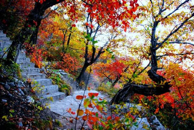 进入山口便走进了风光秀丽的红叶谷,这里四季如画,尤其是到了金秋时节,整条山谷一片火红,走进红叶谷,仿佛置身仙境。
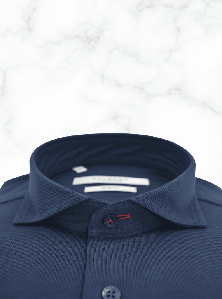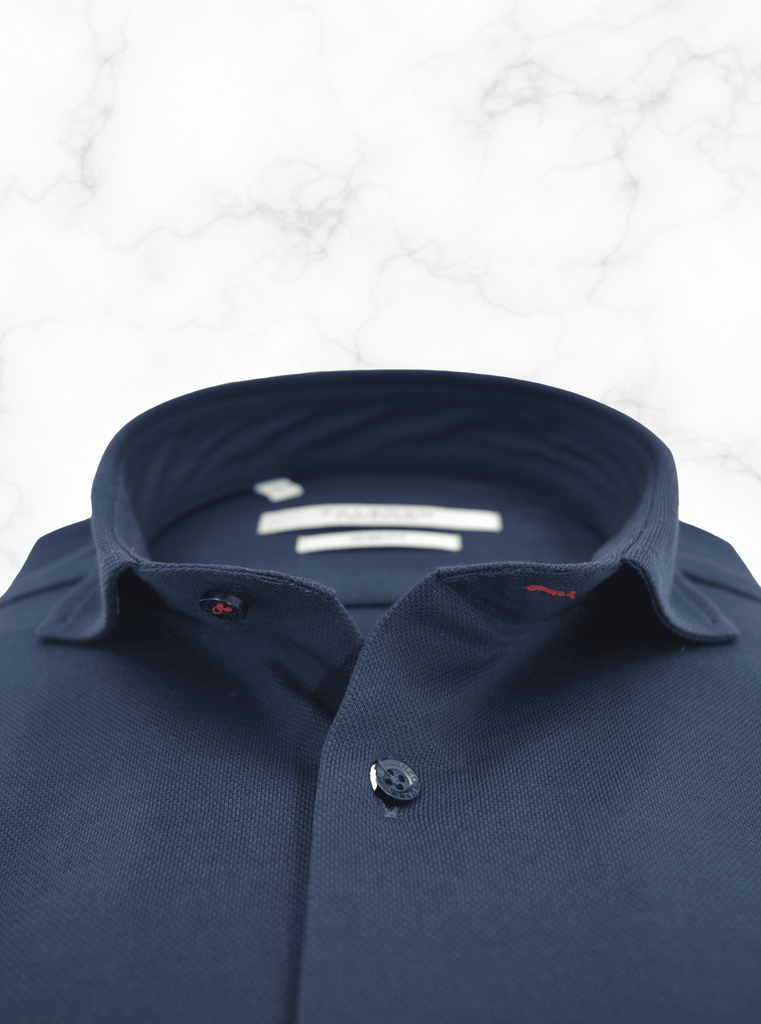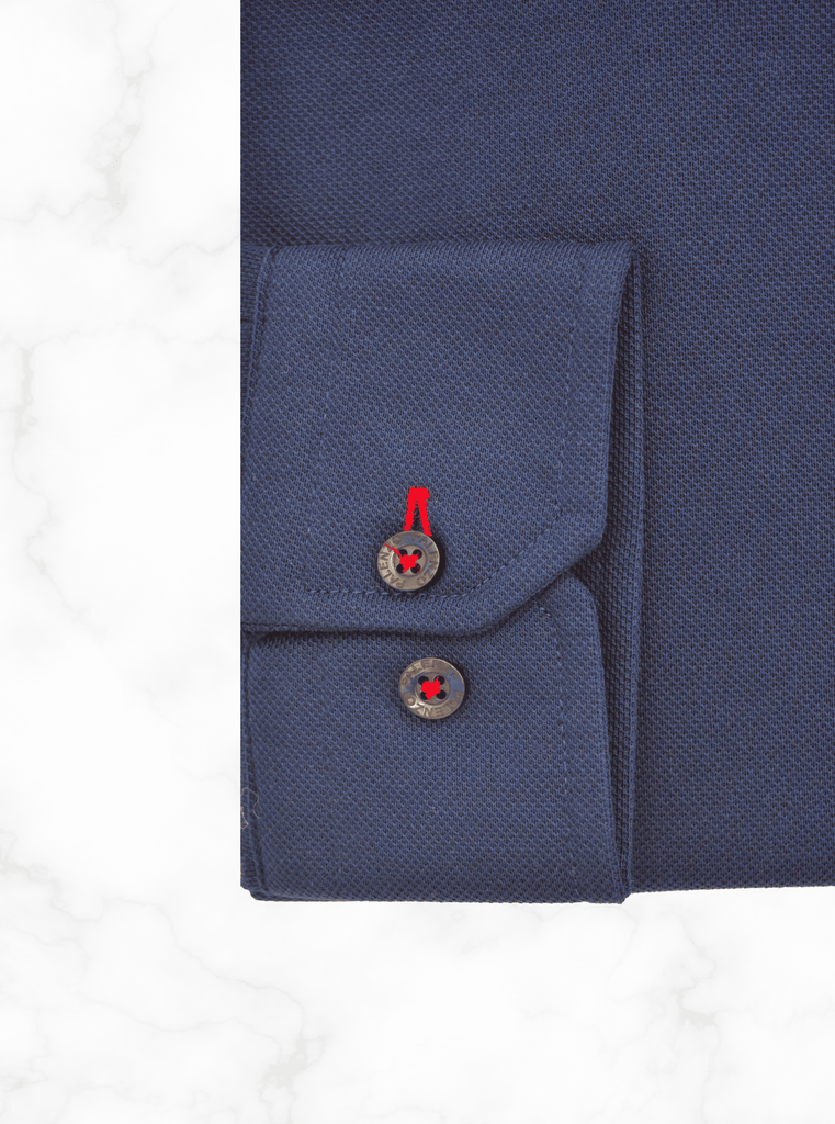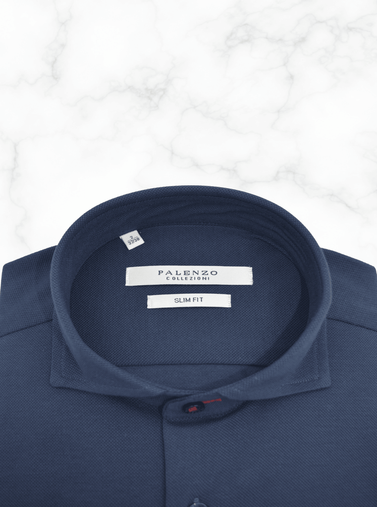 Chemise Slim Fit en piqué de coton souple, col italien, poignets à double boutonnage, 100% coton.
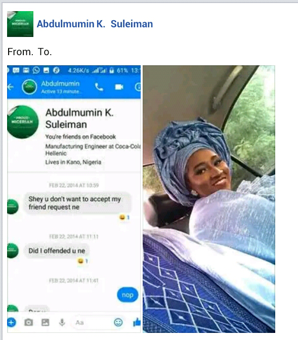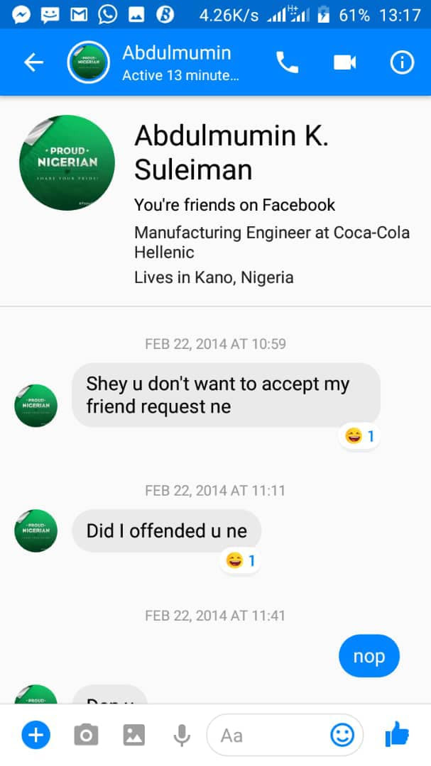 “Shey you don’t want to accept my friend request ne. Did I offend u ne?” he wrote.
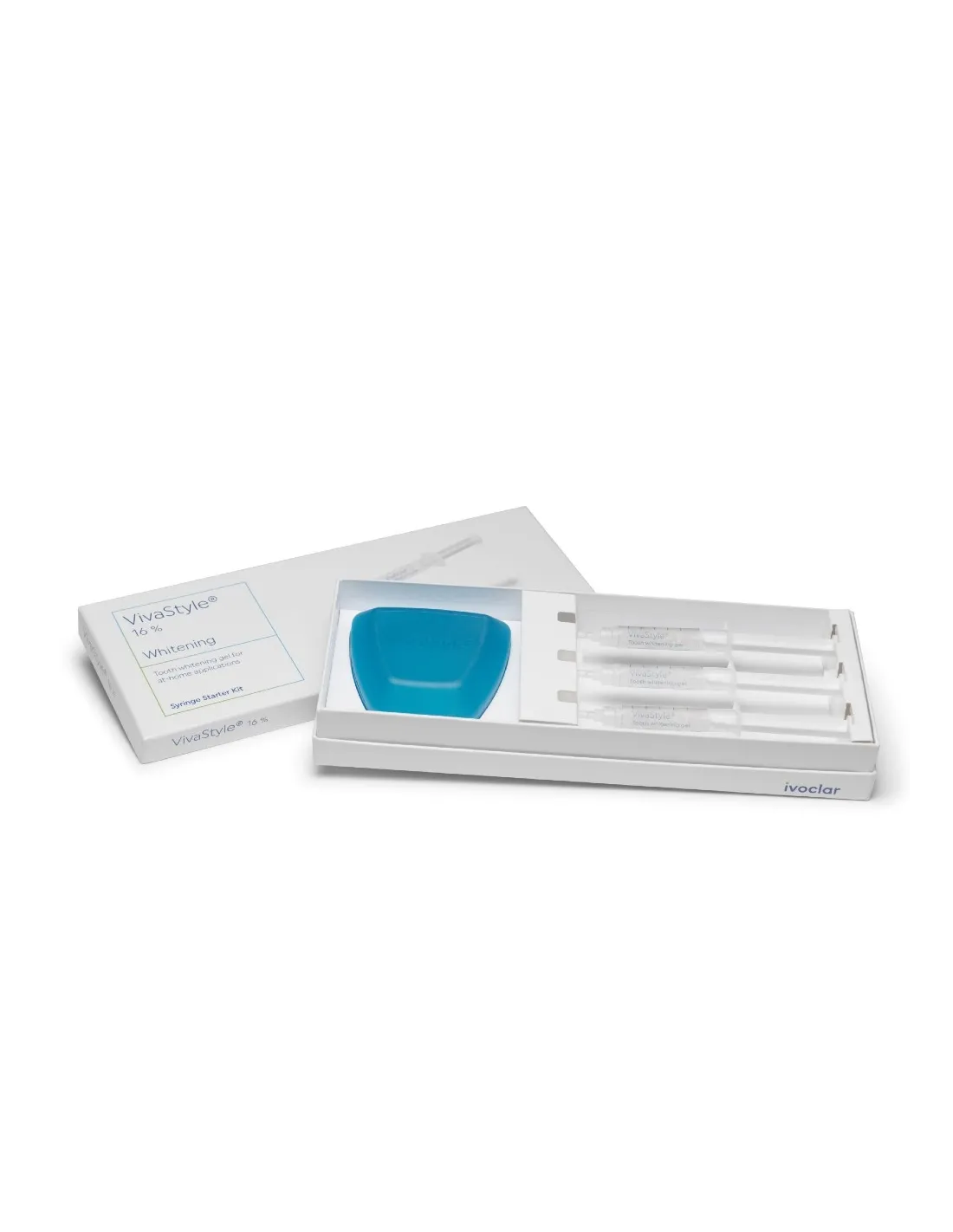 VivaStyle de Ivoclar Vivadent es un gel con un 16% de peróxido de carbamida (equivale a un 5,8% de peróxido de hidrógeno) para el blanqueamiento dental en casa.
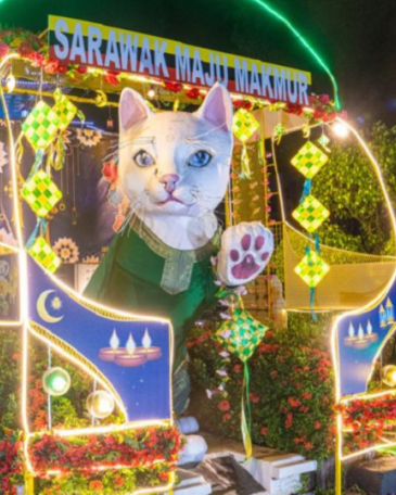🐱✨ Kuching’s Iconic Cat Statue Dressed for Raya..
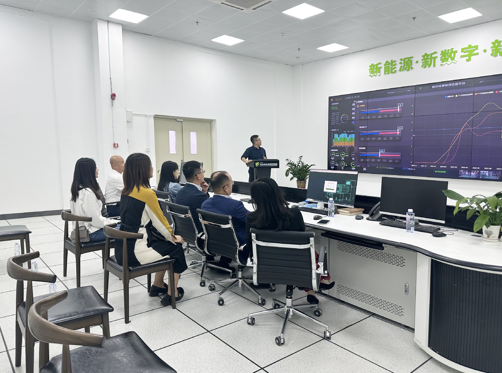 孫主任一行在公司眾領導的陪同下參觀了園區(qū)“富慧能”智慧綜合能源運維平臺、高低壓配電機房,雙方針對平臺管理的運維模式、節(jié)能降耗解決方案等進行深入交流。

**Instructions to follow**
Given the records above, return the lines starting at the one that holds "VivaStyle de Ivoclar" and ending at the one that holds "Dressed for Raya..", exactly, and nothing besides; leave every picture out.

**Reply to the exercise**
 VivaStyle de Ivoclar Vivadent es un gel con un 16% de peróxido de carbamida (equivale a un 5,8% de peróxido de hidrógeno) para el blanqueamiento dental en casa.
🐱✨ Kuching’s Iconic Cat Statue Dressed for Raya..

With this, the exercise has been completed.